## To do
Where does the word "blanc" appear in the entries below? Copy each line that holds it.

## Data to examine
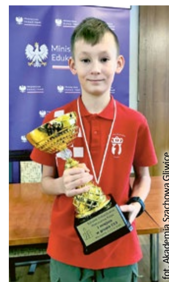
fot. Akademia Szachowa Gliwice

Trzynastolatek mieszka w Gliwicach, gdzie obecnie uczy się w ZSO nr 8. Od najmłodszych lat wykazywał talent do gry w szachy, więc już jako 6-latek wstąpił w szeregi Akademii jako zawodnik, by kontynuować treningi pod okiem doświadczonych instruktorów. (Akademia Szachowa Gliwice/ad)
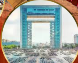
ประตูแห่งความสุข
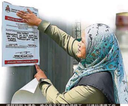
诺阿玛贴上通告,谕令有关工程必须停工,以进行清理工作。
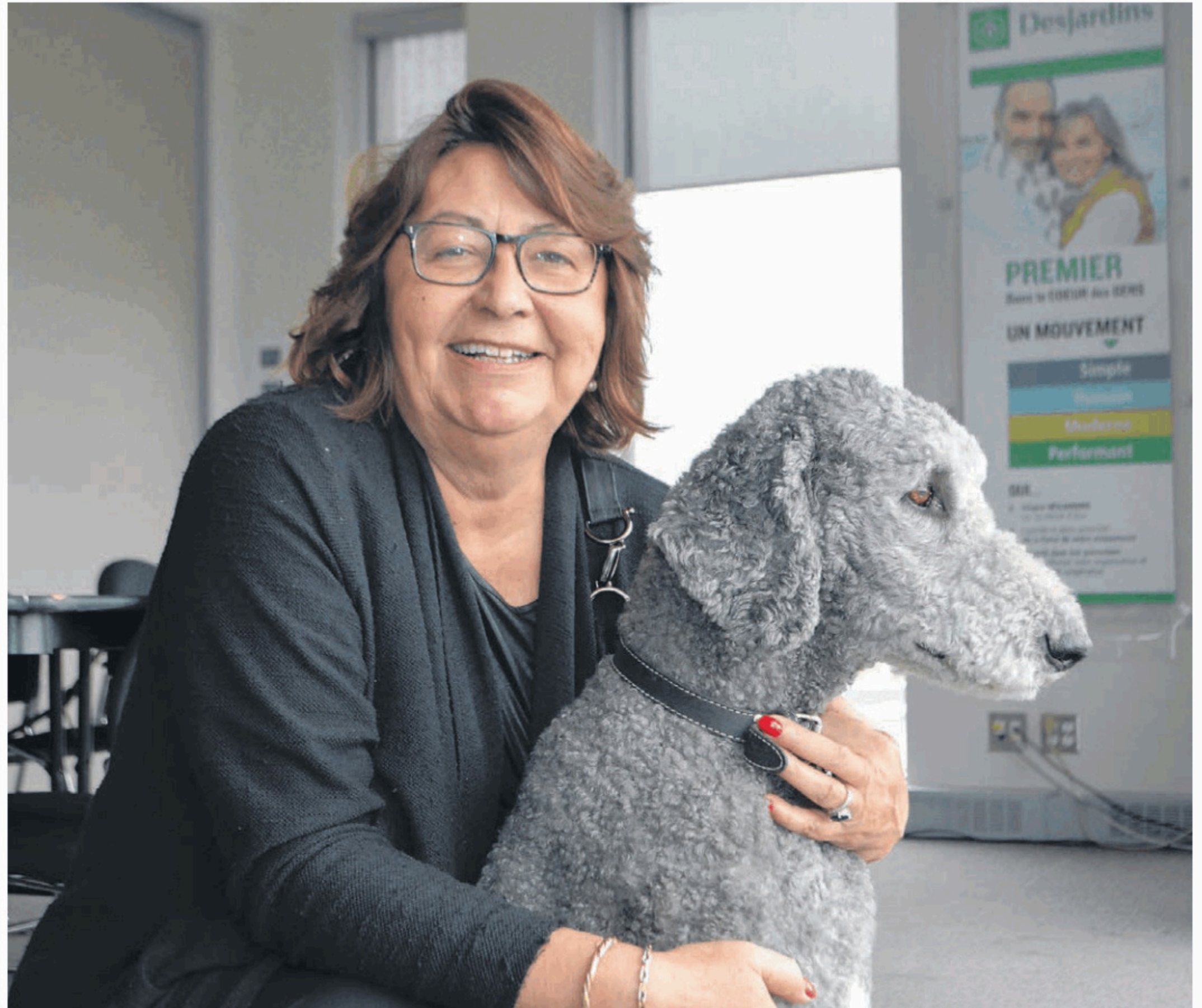
La députée Claire Samson doit une fière chandelle à Pepper, son chien d'assistance, qui l'accompagne dans tous ses déplacements.

Lors de son élection, en avril 2014, Claire Samson s'est adressée au président de l'Assemblée
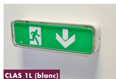
CLAS 1L (blanc)

La SÉRIE CLAS est équipée d'un boîtier très élégant par sa forme et son mode d'éclairage. La ceinture polycarbonate réagit comme un éclairage par la tranche qui entoure l'inscription sérigraphiée dans la masse de la plaque diffusante. Montage et démontage de cette dernière par encliquetage, particulièrement attractif pour l'exploitant qui en assure la maintenance. Le coffret réalisé, en aluminium, peut être traité dans les coloris des huisseries (alu naturel - doré bronze), coloris standard émail blanc.
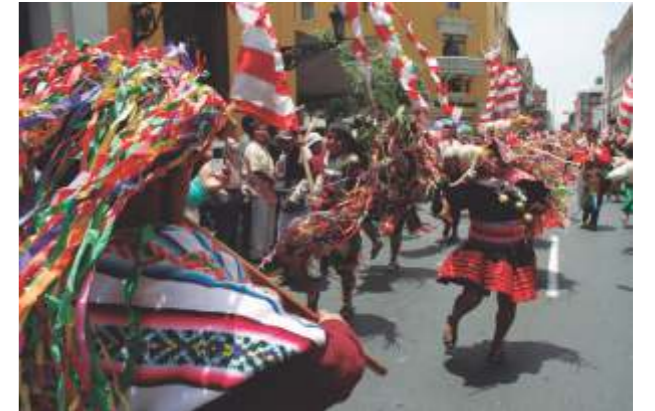
En el Perú, los carnavales se expresan con alegorías, música y danzas.

Estas fiestas se impregnaron del desorden civil, moral y la sátira, difundiéndose en los pueblos subyugados durante siglos por Roma (España, Italia, Galia), adquiriendo con el transcurrir del tiempo, diversos cambios y ajustes, siendo el más saltante el acontecido durante el feudalismo medieval, donde la Iglesia terminó por admitirlas adaptando su celebración al ritual de la cuaresma cristiana, etapa de fecha móvil (fines de enero a inicios de marzo según el año), donde los católicos son exhortados a reforzar su fe a través de actos de penitencia y reflexión.
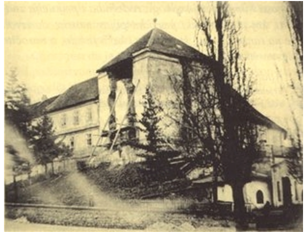
Slika 9. Gornji grad. Popov toranj – zvjezdarnica
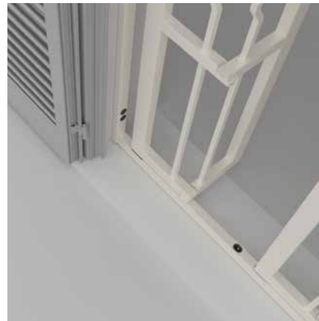
Posizione: Apertura totale interna Position: Total internal opening
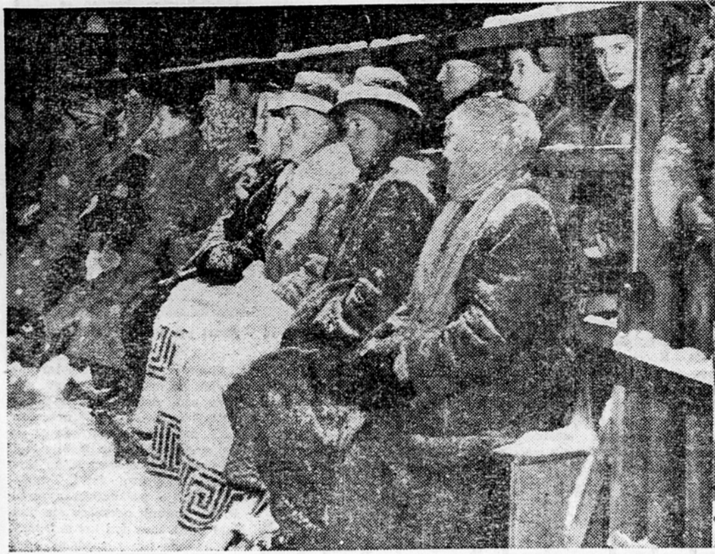
Vztrajnih gledalcev, ki so občudovali mojstre drsanja na svetovnem prvenstvu v avstrijski prestolnici, sneg ni niti najmanj motil. Dobro zaviti in pokriti (saj pravijo, da tudi sneg greje) so potrpežljivo sedeli in gledali.

Leta 1931 dograjeni orjak Empire State Building je dobil novega gospodarja

## Answer section
CLAS 1L (blanc)
La SÉRIE CLAS est équipée d'un boîtier très élégant par sa forme et son mode d'éclairage. La ceinture polycarbonate réagit comme un éclairage par la tranche qui entoure l'inscription sérigraphiée dans la masse de la plaque diffusante. Montage et démontage de cette dernière par encliquetage, particulièrement attractif pour l'exploitant qui en assure la maintenance. Le coffret réalisé, en aluminium, peut être traité dans les coloris des huisseries (alu naturel - doré bronze), coloris standard émail blanc.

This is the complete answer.